Work instructions: After locating the line that contains "Service Dog Registration for gizmo cole", transcribe exactly that line and each one after it until the data ends, skipping pictures.

Given material:
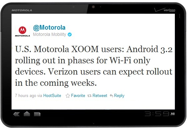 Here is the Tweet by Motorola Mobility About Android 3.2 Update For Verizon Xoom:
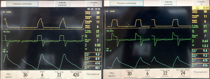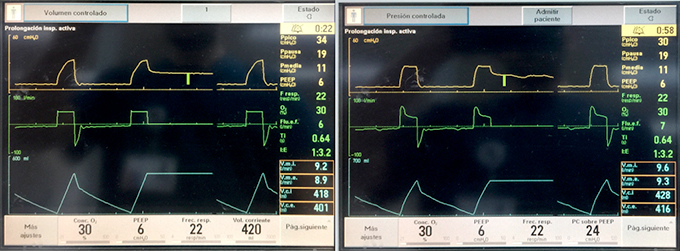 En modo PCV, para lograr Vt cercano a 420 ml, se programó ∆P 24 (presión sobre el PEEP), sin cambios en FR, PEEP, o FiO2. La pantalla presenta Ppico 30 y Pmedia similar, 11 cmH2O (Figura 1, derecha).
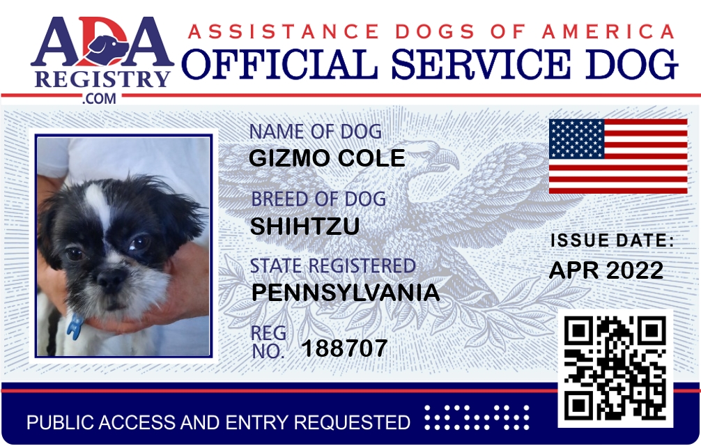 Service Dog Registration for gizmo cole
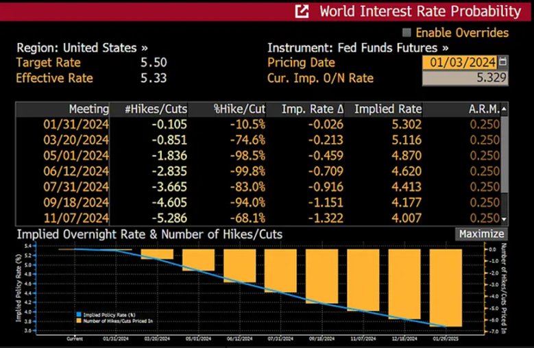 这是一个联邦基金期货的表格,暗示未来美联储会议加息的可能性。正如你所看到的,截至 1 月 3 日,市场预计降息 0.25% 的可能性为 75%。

Solution:
 Service Dog Registration for gizmo cole
 这是一个联邦基金期货的表格,暗示未来美联储会议加息的可能性。正如你所看到的,截至 1 月 3 日,市场预计降息 0.25% 的可能性为 75%。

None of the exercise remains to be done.